Tag Archives: reflective

County planning reflective borders on traffic signals

The in basket: Jack Ford says that during a recent power outage that hit Silverdale, he saw several cars blow through the darkened Levin Road traffic signal on Ridgetop Boulevard, probably unaware there is a signal there.

He wondered if reflective material can be put on signals so they can be spotted when the signals and nearby street lights are out.

The out basket: The state has been installing yellow borders on some of its signals where power outages are common for some time but I wasn’t sure if Kitsap County had followed suit. Ridgetop is a county road and the Levin light is temporary while Bucklin Hill Road is closed. It will be bagged Friday when Bucklin reopens and physically removed in coming weeks.

In driving around Silverdale I didn’t see any of the signals with the border. I asked if the county has any.

Jeff Shea, county traffic engineer, replied, “We have begun to install the heads with the reflective material around them, but they aren’t always that easy to see. We have the borders at some signals including Mullenix and Phillips (in South Kitsap), pedestrian crossing on Silverdale Way, and the new Bucklin Hill pedestrian crossing at Mickelberry.

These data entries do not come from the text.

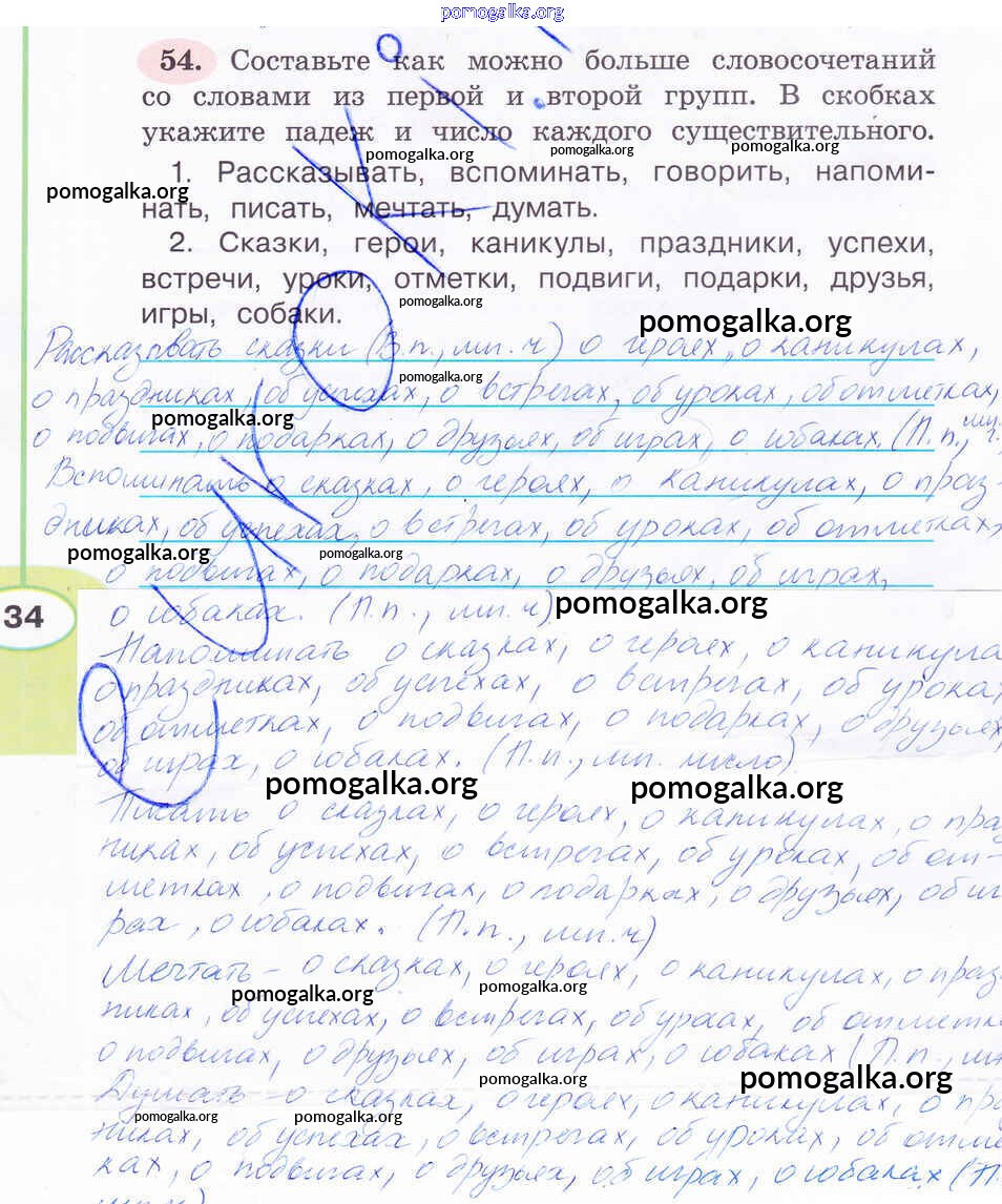 Готовые ответы - Русский язык 4 класс рабочая тетрадь Климанова Л.Ф. - часть 2. задание № 54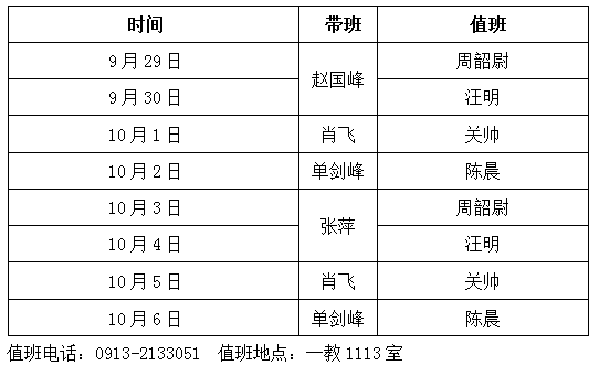 按照公司安排,2023年9月29日至10月6日为中秋节、国庆节放假。假期,申博SUNBET值班安排如下,校内师生、单位办事,校外群众、单位办事,请联系值班人员或到值班处。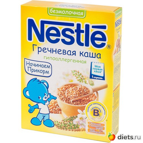 Гречневая каша Nestle безмолочная – продукт детского питания, который подойдет в качестве одних из первых прикормов малыша. Она является гипоаллергенной и может входить меню ребенка, начиная с четырех месяцев. Естественно, прежде следует посоветоваться с педиатром: он и даст рекомендации по объему каши, с которого нужно начинать включать кашу в рацион чада.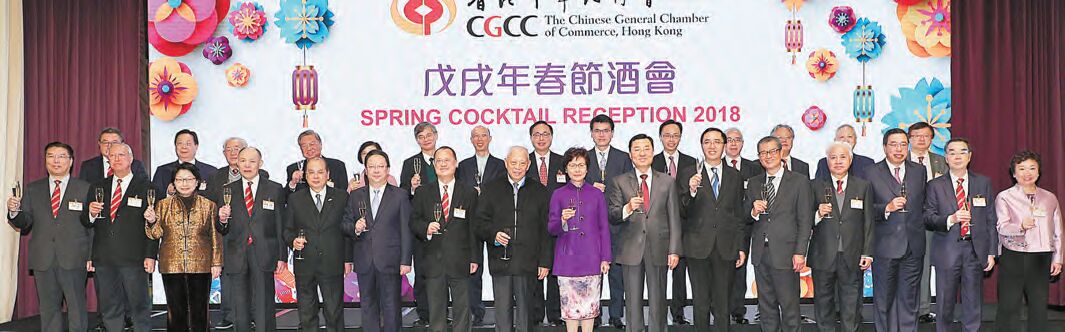 【香港商報网訊】記者霄虹、李嘉倩報道:香港中華總商會「戊戌年春節酒會」昨日假香港君悅酒店宴會大禮堂舉行。全國政協副主席董建華、特區行政長官林鄭月娥、外交部駐港特派員公署特派員謝鋒、中聯辦副主任譚鐵牛、解放軍駐港部隊副司令員鄭國躍、政務司司長張建宗、財政司司長陳茂波、律政司司長鄭若驊及立法會主席梁君彥應邀主禮,并聯同該會會長蔡冠深等首長向來賓祝酒,共賀新春,冠蓋雲集,場面熱鬧。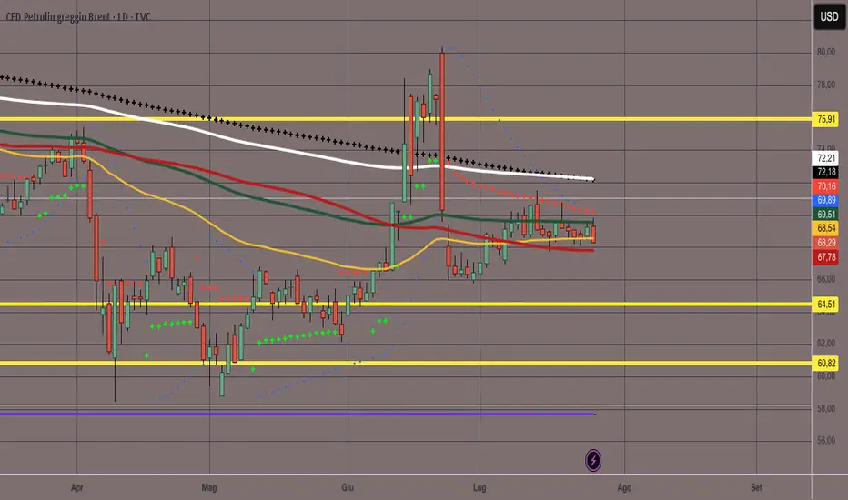 Volatilità assente sull'Oil ma che dovrebbe riprendere a breve. Quotazioni intrappolate in un range ristretto oramai da inizio mese.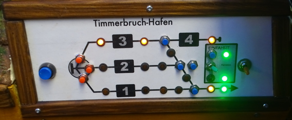 An mehreren Stellen gibt es kleine Zusatzschalter. Der Hafenbahnhof wird komplett vor Ort gesteuert. Durch LED-Leisten kann die Unterwelt beleuchtet werden, etwa für einen kurzen Blick in den Schattenbahnhof - gelbe Taster neben den diversen Öffnungen in der Verkleidung ermöglichen das von mehreren Stellen. Für das Schienenputzen oder Aufräumen nach Havarien kann diese Beleuchtung natürlich per Kippschalter auch auf Dauerlicht geschaltet werden.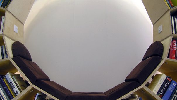 Patrząc na bookcase-cum-chair, przychodzą na myśl obrazy świetlistych kręgów znanych z filmów science fiction. Ten niewątpliwie oryginalny półkofotel może stanowić wygodny i stylowy element wyposażenia każdego nowoczesnego mieszkania. Oczywiście jeśli toś przepada za owalnymi kształtami.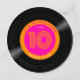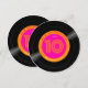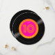 Add a disco touch to your wedding tables with this hot pink and orange groovy vinyl record style round paper Table Number. This fun custom design features a vinyl record image. The label displays your table number in a striped retro disco font. The label border features your names and wedding date. 70s 80s disco groovy style. A bright accent to add to your disco wedding decor.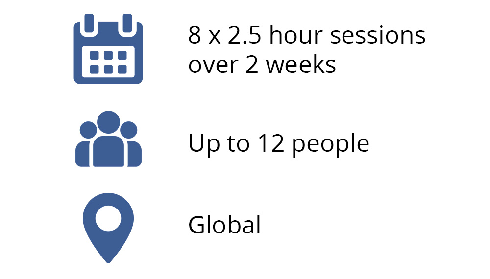 They’ll have 2 weeks with your people, which include 8 x 2.5-hour sessions via Zoom. There's a maximum of 12 people to keep it personal and very interactive.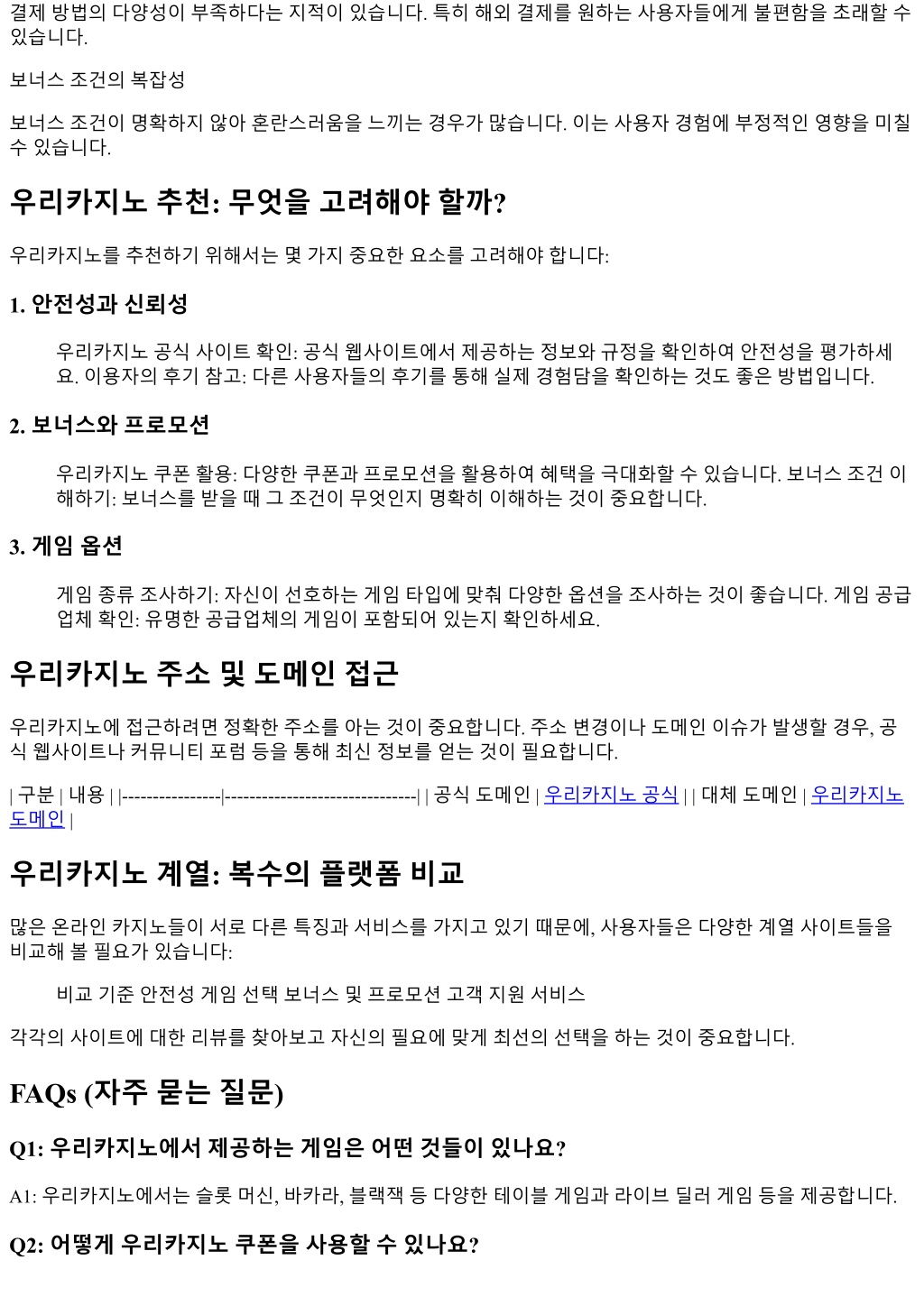 결제방법의다양성이부족하다는지적이있습니다. 특히해외결제를원하는사용자들에게불편함을초래할수 있습니다. 보너스조건의복잡성 보너스조건이명확하지않아혼란스러움을느끼는경우가많습니다. 이는사용자경험에부정적인영향을미칠 수있습니다. 우리카지노추천: 무엇을고려해야할까? 우리카지노를추천하기위해서는몇가지중요한요소를고려해야합니다: 1. 안전성과신뢰성 우리카지노공식사이트확인: 공식웹사이트에서제공하는정보와규정을확인하여안전성을평가하세 요. 이용자의후기참고: 다른사용자들의후기를통해실제경험담을확인하는것도좋은방법입니다. 2. 보너스와프로모션 우리카지노쿠폰활용: 다양한쿠폰과프로모션을활용하여혜택을극대화할수있습니다. 보너스조건이 해하기: 보너스를받을때그조건이무엇인지명확히이해하는것이중요합니다. 3. 게임옵션 게임종류조사하기: 자신이선호하는게임타입에맞춰다양한옵션을조사하는것이좋습니다. 게임공급 업체확인: 유명한공급업체의게임이포함되어있는지확인하세요. 우리카지노주소및도메인접근 우리카지노에접근하려면정확한주소를아는것이중요합니다. 주소변경이나도메인이슈가발생할경우, 공 식웹사이트나커뮤니티포럼등을통해최신정보를얻는것이필요합니다. | 구분 | 내용 | |----------------|-------------------------------| | 공식도메인 | 우리카지노공식 | | 대체도메인 | 우리카지노 도메인 | 우리카지노계열: 복수의플랫폼비교 많은온라인카지노들이서로다른특징과서비스를가지고있기때문에, 사용자들은다양한계열사이트들을 비교해볼필요가있습니다: 비교기준안전성게임선택보너스및프로모션고객지원서비스 각각의사이트에대한리뷰를찾아보고자신의필요에맞게최선의선택을하는것이중요합니다. FAQs (자주묻는질문) Q1: 우리카지노에서제공하는게임은어떤것들이있나요? A1: 우리카지노에서는슬롯머신, 바카라, 블랙잭등다양한테이블게임과라이브딜러게임등을제공합니다. Q2: 어떻게우리카지노쿠폰을사용할수있나요?
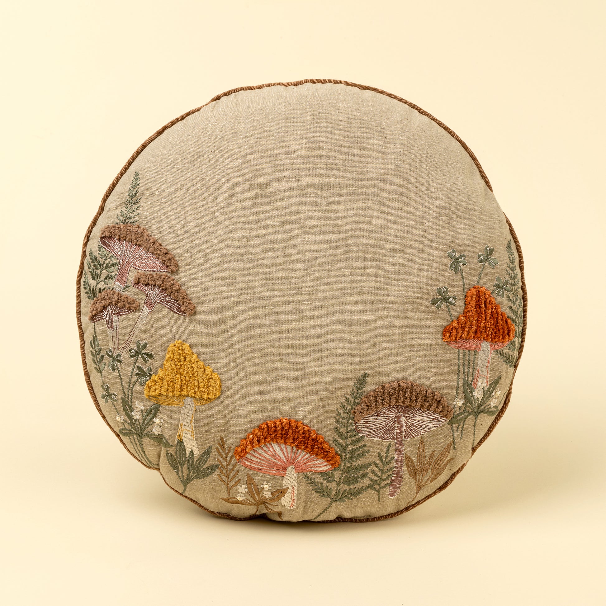 Apportez une touche de charme forestier à votre intérieur avec ce coussin rond magnifiquement brodé.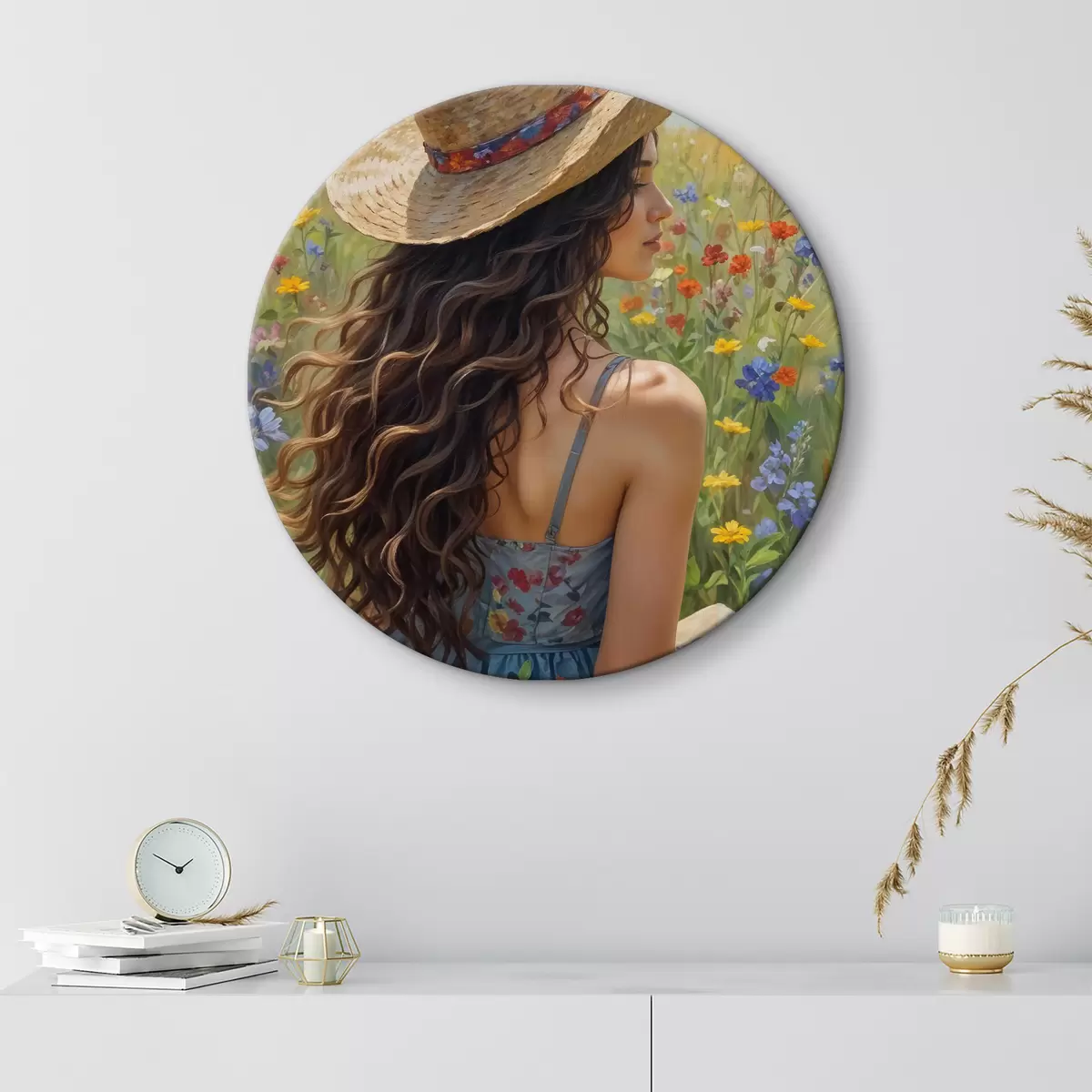 Picturi rotunde Femeie tânără cu părul creț, purtând o pălărie de paie și o rochie cu flori, în picioare într-un câmp de flori sălbatice Nr r40560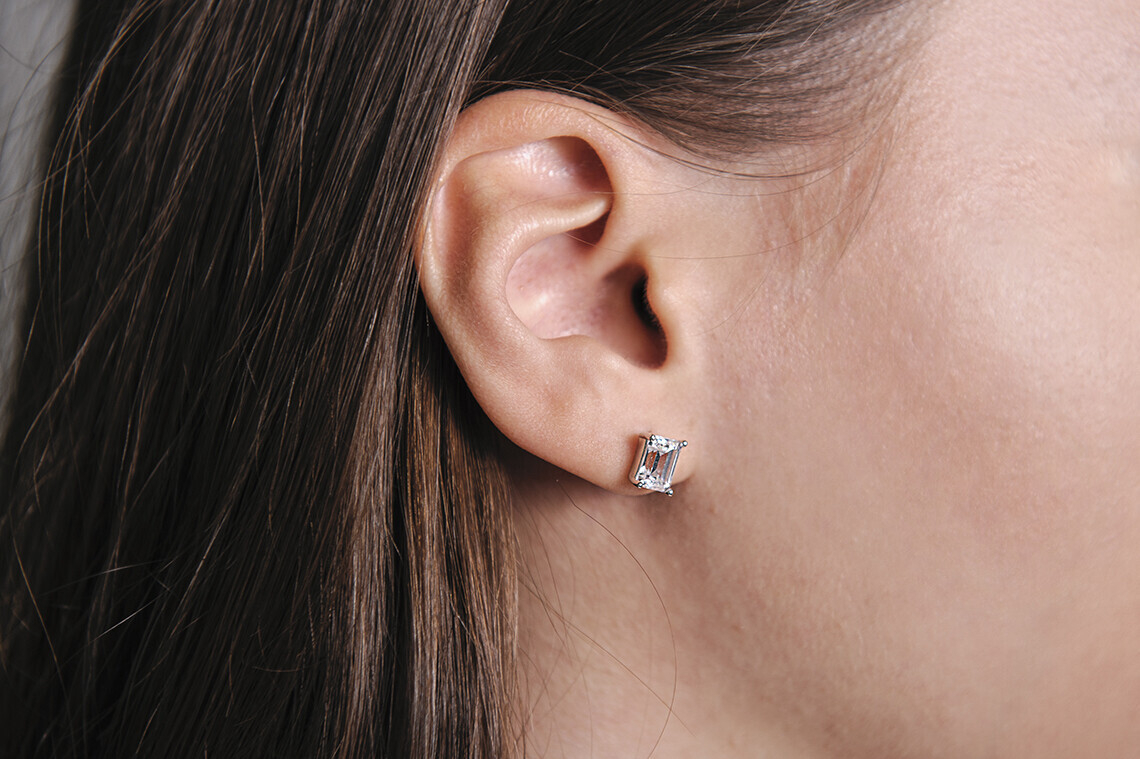 Серьги-гвоздики в оригинальной огранке «Радиант». Данный вид огранки камней сейчас наиболее актуален. Стоимость — 38,38 рублей с учетом скидки.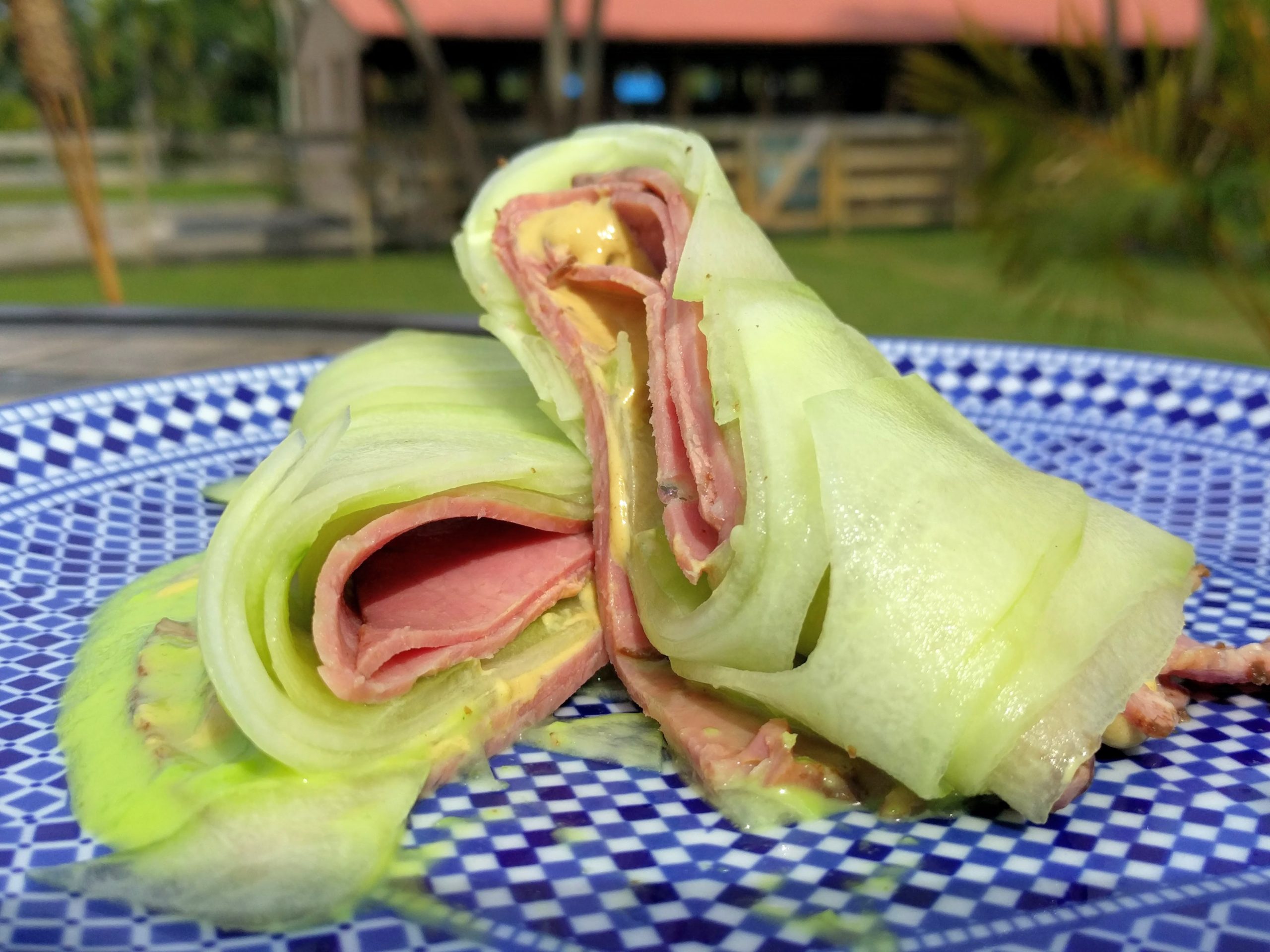 This is an easy to make and attractive meal in one. Make it with sliced pastrami, roast beef, turkey breast or salami. This cucumber wraps packs in flavor, protein and a nutrients in a satisfying portion.

“Even with the reflective material on the signal head some drivers don’t stop. Many of our power outages occur at night during storms making it difficult to see the roadway. Compound that with the height of the signal heads, which puts them on the periphery of the light your headlights project.

“For added safety because of the outages we experience, Public Works has been installing battery backups at our more heavily used intersections with plans to install them at all signals. These backups will allow our signals to operate for several hours after an outage occurs.”

The law says that a darkened traffic signal must be treated as an all-way stop.

Do highly reflective plates aid speed enforcement?

The in basket: An online commenter who goes by Mike made the following surprising comment on the Road Warrior column at kitsapsun.com, about the requirement for front license plates in this state .

“Of course there is no plan to eliminate the front plate,” he said. “The State Patrol (revenue collectors?) need the nice reflective surface for their laser guns to check your compliance while they sit in the unmarked car without lights on the right-of-way in the dark. This is the real reason that you are forced to replace perfectly good plates every few years!”

I’ve never really understood resentment about the way one gets caught doing wrong, which seems to underlie Mike’s complaint. But I suppose it’s no different that the well established practice of throwing out court cases if the search that led to the arrest is found wanting.

I asked whether Mike is right about laser’s reliance on the plates, and whether there is anything to prohibit roadside speed enforcement at night from a darkened patrol car.

The out basket: Trooper Krista Hedstrom of the State Patrol detachments here says, “In no way does a reflective license plate contribute to the effectiveness of a radar/laser.  The purpose of a front license plate on a vehicle is strictly for identification purposes.

“There is nothing (in the) law or WSP policy that prohibits police vehicles (marked or unmarked) from performing radar speed enforcement at night. That includes parking stationary with lights out.” she said.